I've never fully understood exception handling in Python (or any language to be honest). I was experimenting with custom exceptions, and found the following behaviour.
class MyError(Exception):
def __init__(self, anything):
pass
me = MyError("iiiiii")
print(me)
Output:
iiiiii
I assume that print() calls Exception.__str__().
How does the base class Exception know to print iiiiii? The string "iiiiii" was passed to the constructor of MyError via the argument anything, but anything isn't stored anywhere in MyError at all!
Furthermore, the constructor of MyError does not call its superclass's (Exception's) constructor. So, how did print(me) print iiiiii?

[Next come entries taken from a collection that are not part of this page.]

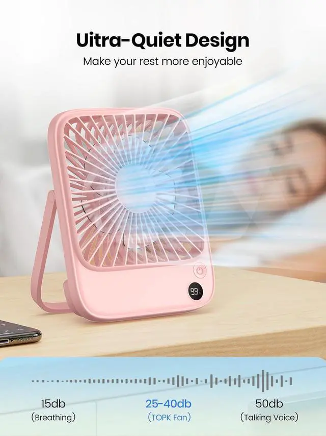 Upgrade 5000mAh Battery Stay cool all day long with up to 6-16 hours of continuous operation from a single full charge. The integrated 5000mAh rechargeable battery keeps you refreshed, whether you're indoors or out on travel, and foldable fan bracket making TOPK thin desk fan more easy to carry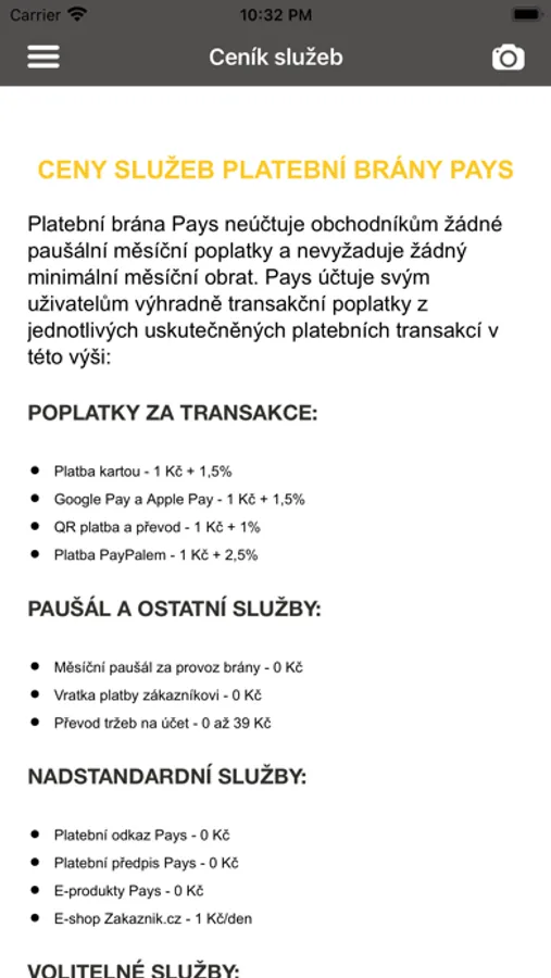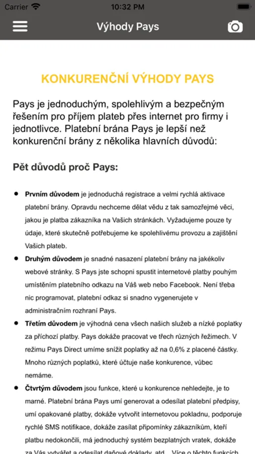 Aplikace Pays usnadňuje správu a ovládání platební brány obchodníkům. Prostřednictvím aplikace se můžete přihlásit do své administrace, kontrolovat příchozí platby, provádět vratky, zasílat potvrzení zákazníkům. Lze také přímo stahovat měsíční výpisy, zadávat platební předpisy a platební odkazy. Velmi jednoduše můžete provést okamžitý převod tržeb na svůj bankovní účet.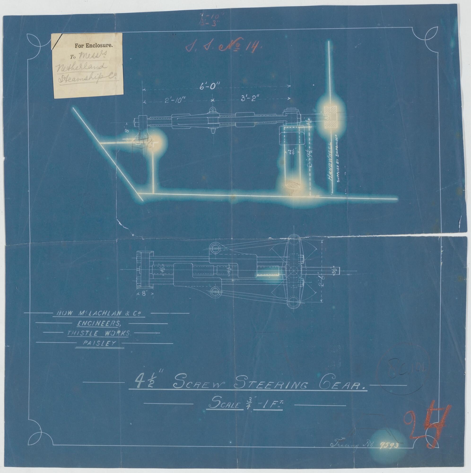 Stuurmachine van het passagiersschip ss. Prins Wille...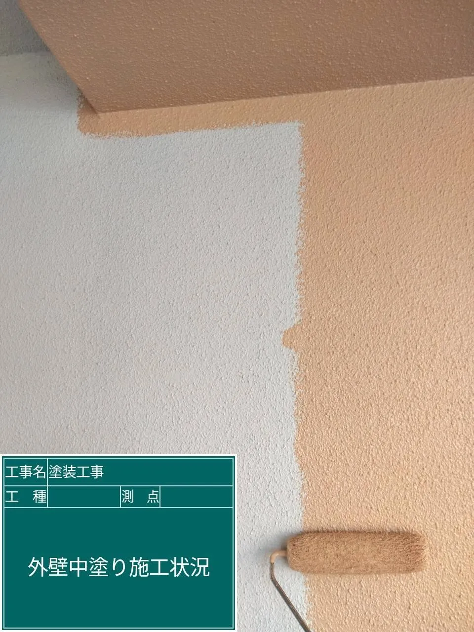 大阪府高槻市で外壁塗装の中塗を、施工しました。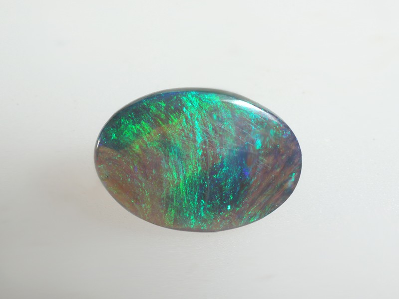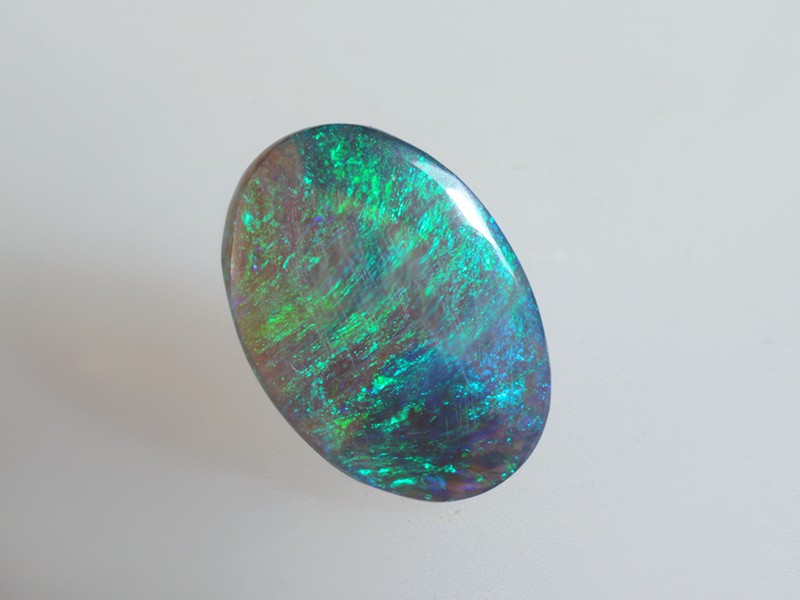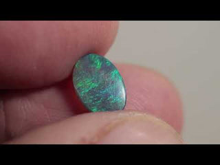 Piccolo opale nero crystal australiano taglio ovale con intensi e luminosi riflessi verdi e blu.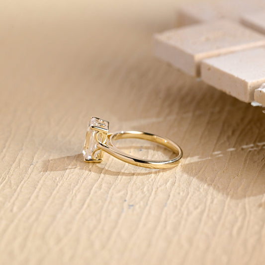2.0 CT Emerald Cut Solitaire Moissanite Engagement Ring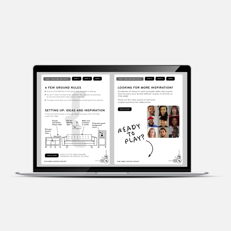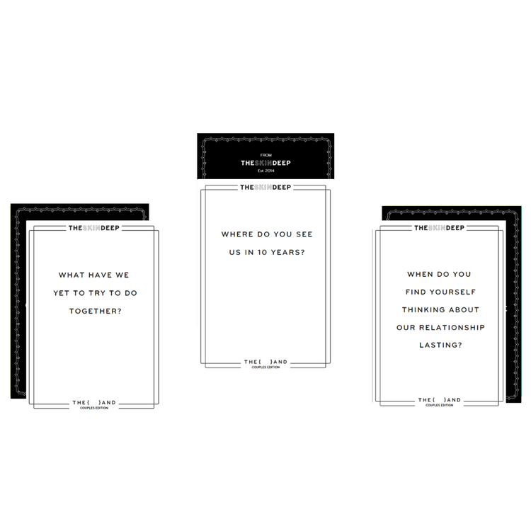 Perfect for cozy nights in or adventures abroad, this bundle provides endless opportunities for meaningful dialogue and connection. With interactive tools, specially crafted playlists, and high-quality physical cards, you'll never run out of ways to appreciate and understand each other. Don't settle for ordinary date nights – invest in a lifetime of passion and deeper relating with {THE AND} Couples Bundle.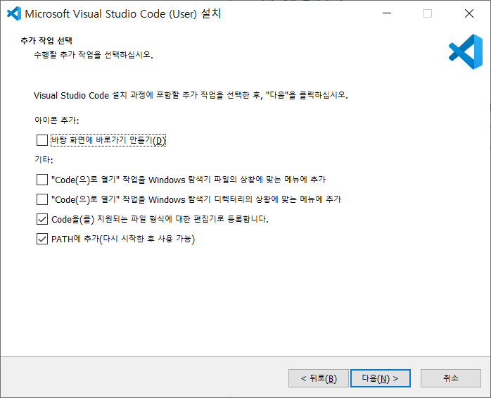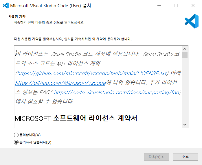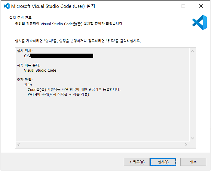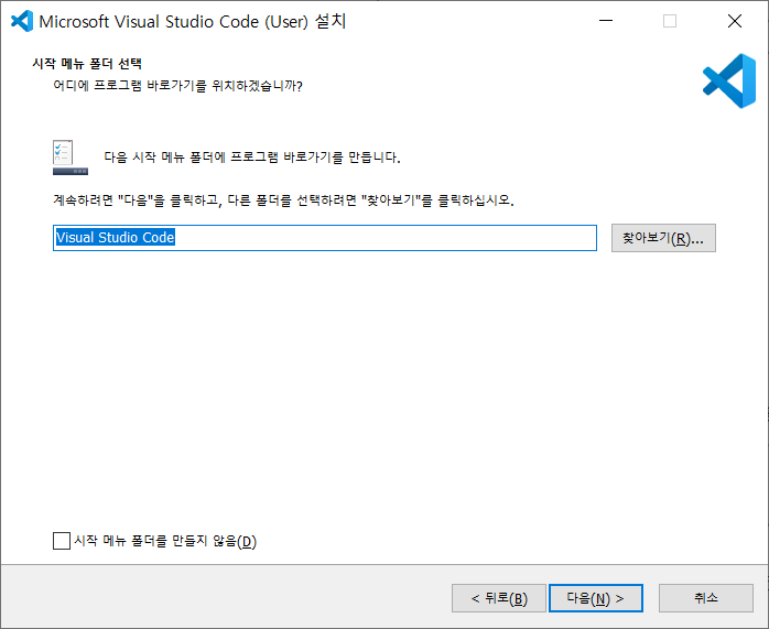 Vscode를 주로 사용하고 본인은 Vscode를 설치하기 때문에 Vscode를 기준으로 설치를 진행한다. (Next 클릭)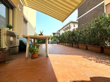 ZONA CROCIFISSA DI ROSA, BRESCIA - VIA CARLO PISACANE proponiamo ampio trilocale biservizi con studio di 145 MQ commerciali. Situato al piano rialzato di un contesto condominiale rivisto rcentemente grazie al bonus facciata del 90%. L'immobile, caratterizzato da una tripla esposizione, si apre su una luminosa e spaziosa zona giorno, con cucina separata abitabile. Il disimpegno conduce alla zona notte composta da: una camera matrimoniale, uno studio, una camera singola comoda, con accesso diretto alla terrazza, e ai doppi servizi di cui uno completamente rivisto nel 2025. La terrazza si affaccia su un curato giardino privato, accessibile anche direttamente tramite cancello indipendente dall'ingresso condominiale: soluzione ideale per famiglie, animali domestici o amanti del verde. A completare la soluzione è presente un box privato. L'appartamento è stato oggetto di totale ristrutturazione nel 1997. Nel 2019 sono stati sostituiti gli infissi, ora dotati di tapparelle automatizzate e blindate. Il riscaldamento è centralizzato con sistema di teleriscaldamento, incluso nelle spese condominiali annuali pari a 2600€. Un'ottima soluzione per chi cerca ampi spazi interni, comfort, e un raro sfogo esterno a pochi passi dal centro della città.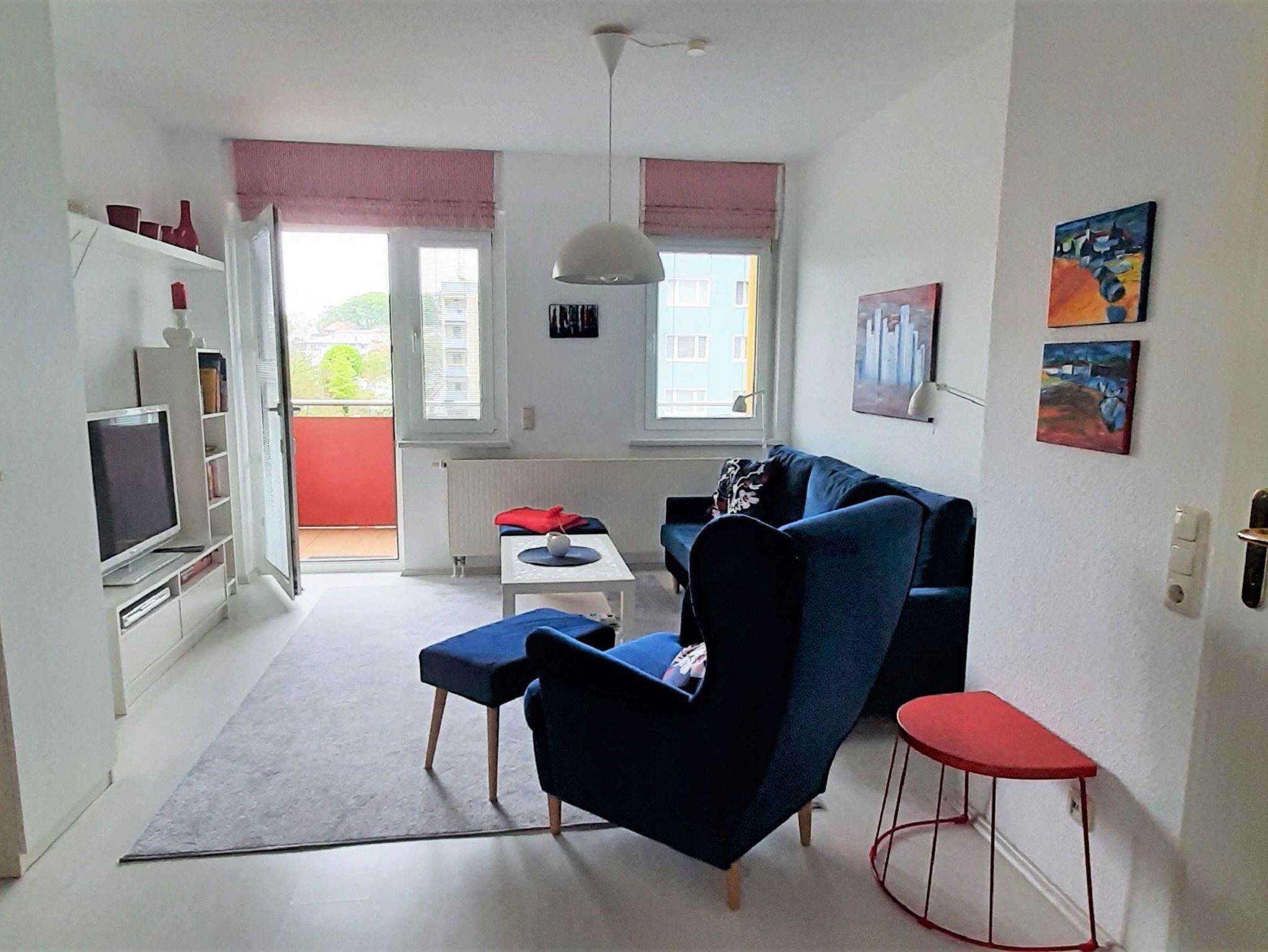 Die helle und moderne 2-Raum-Ferienwohnung bietet Platz für 2 Personen. Sie befindet sich in der 3.Etage, in einem ruhigen, mehrstöckigen Haus mit Aufzug in ruhiger Lage. Das Wohnzimmer ist mit Flat-TV, DVD/CD-Player, und Doppelbettcouch ausgestattet. Von hier aus gelangen Sie auf den großen Balkon mit Süd/Ost Ausrichtung. Das Schlafzimmer erwartet Sie mit einem gemütlichen Doppelbett und einem Kleiderschrank. Die separate, voll ausgestattete Einbauküche ist mit diversen Küchenkleingeräten, wie z.B. Kaffeemaschine, Wasserkocher und Mikrowelle sowie Elektroherd und Kühlschrank mit Tiefkühlfach ausgestattet. Das Badezimmer verfügt über Dusche, WC, Waschbecken und Fön.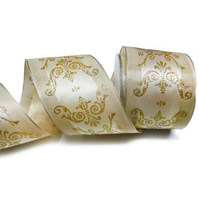 Traka saten krem sa zlatnim ukrasima, 60 mm. Cijena se odnosi na 1 metar. Molimo napomenite koliko metara naručujete.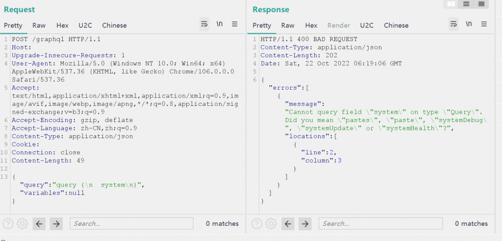 靶场里还提到了一种信息泄漏是GraphQL Field Suggestions,这个主要是用在当内省查询不被允许时,可以输入一个错误的字段,然后GraphQL会返回相似的字段;这个可发挥的空间应该不是很大🤔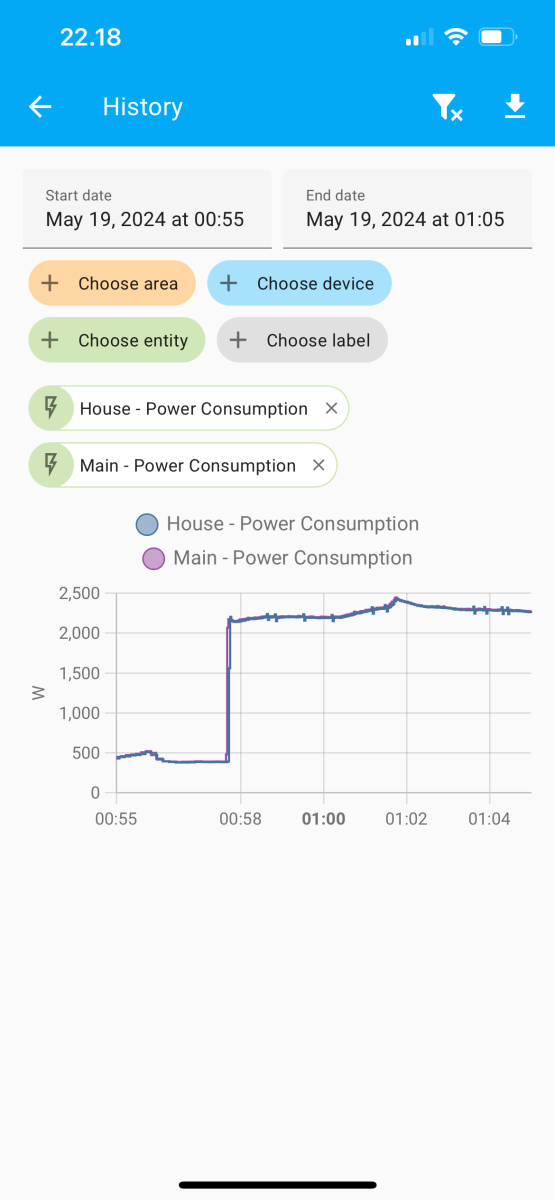 Miksi muuten kaipaisit tarkempaa resoluutiota? Itsellä riittää tuo minuutin tarkkuudella tuleva lopullinen tieto. Se on varsin hyvin jo keskiarvoistettu, koska se on se määrä, mikä sähköyhtiöllle lähtee. Pari päivää mennyt aika hyvin tältä osin. Jokaisen tasevartin alussa arvioidaan keskimääräinen kulutus ja sen mukaan päätetään kauanko kattilaa lämmitetään että menee vartin nettotuotto nollaan.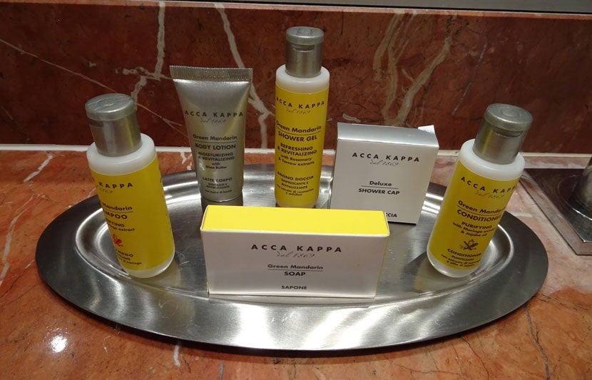 The amenities were from Acca Kappa's line of hair and skincare products.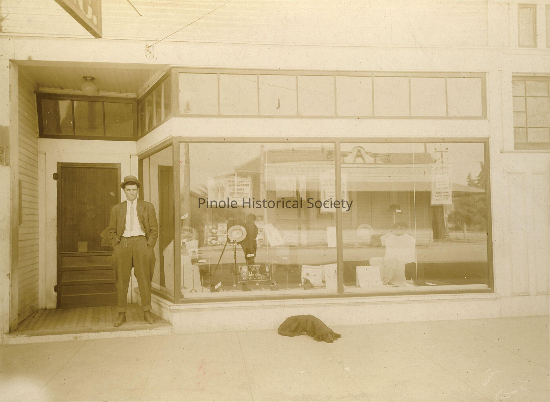 Henry Naylor, in front of Pinole Haberdashery, owned by James A. Silvas, uncle of Tessie Baldwin Curran. The store was on Tennent Avenue, next to the saloon operated by Silvas within the Golden West Hotel. It was torn down to build a Standard Oil Station, now Ye Old Pump House, which was originally the lubrication center for the gasoline station. (Bill McMaster). Henry Naylor was the adopted son of Cipriano Silvas and ran the haberdashery on the first floor of the hotel, next to Jimmy Silvas's bar. Henry Naylor was married to Ada Percival.Copyright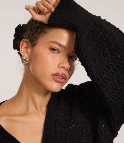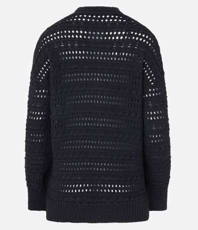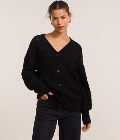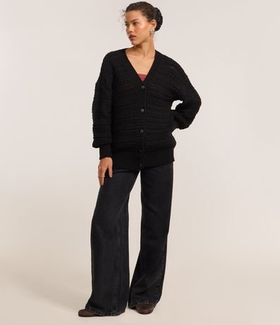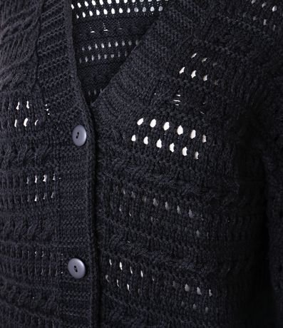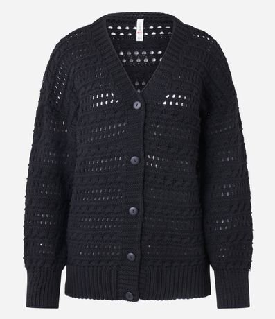 Ref: Casaco longo, confeccionado em tricô com abotoamento frontal.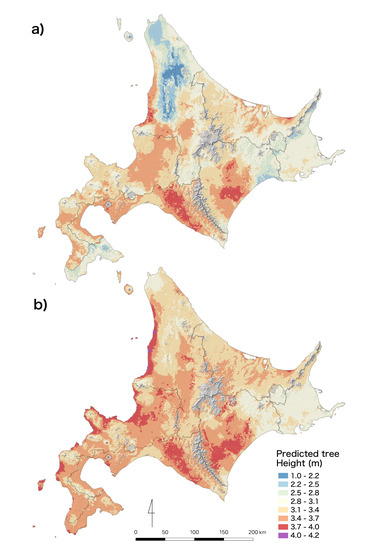 In contrast, PRS was not selected as an important factor in this study (Figure 3). However, PRS is considered as a critical factor determining the distribution of species in the genus Abies because Abies is generally less drought-resistant than other coniferous species are [53,54]. Our results suggest that the range of PRS in Hokkaido is sufficient for the height growth of A. sachalinensis in all regions.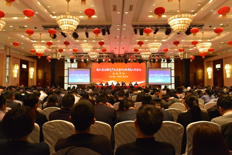 光谷联交所本部、武汉股权托管交易中心、湖北碳排放权交易中心、武汉知识产权交易所、武汉国际矿业权交易中心、湖北环境资源交易中心、恩施硒资源国际交易中心、湖北联合资本管理公司、江城公司、各控股市州公司的全体干部员工,参股市州机构主要负责人参加了会议。

In Python 3, the BaseException class has a __new__ method that stores the arguments in self.args:
>>> me.args
('iiiiii',)
You didn't override the __new__ method, only __init__. You'd need to override both to completely prevent from self.args to be set, as both implementations happily set that attribute:
>>> class MyError(Exception):
... def __new__(cls, *args, **kw):
... return super().__new__(cls) # ignoring args and kwargs!
... def __init__(self, *args, **kw):
... super().__init__() # again ignoring args and kwargs
...
>>> me = MyError("iiiiii")
>>> me
MyError()
>>> print(me)
>>> me.args
()
In Python 2, exceptions do not implement __new__ and your sample would not print anything. See issue #1692335 as to why the __new__ method was added; basically to avoid issues like yours where the __init__ method does not also call super().__init__().
Note that __init__ is not a constructor; the instance is already constructed by that time, by __new__. __init__ is merely the initialiser.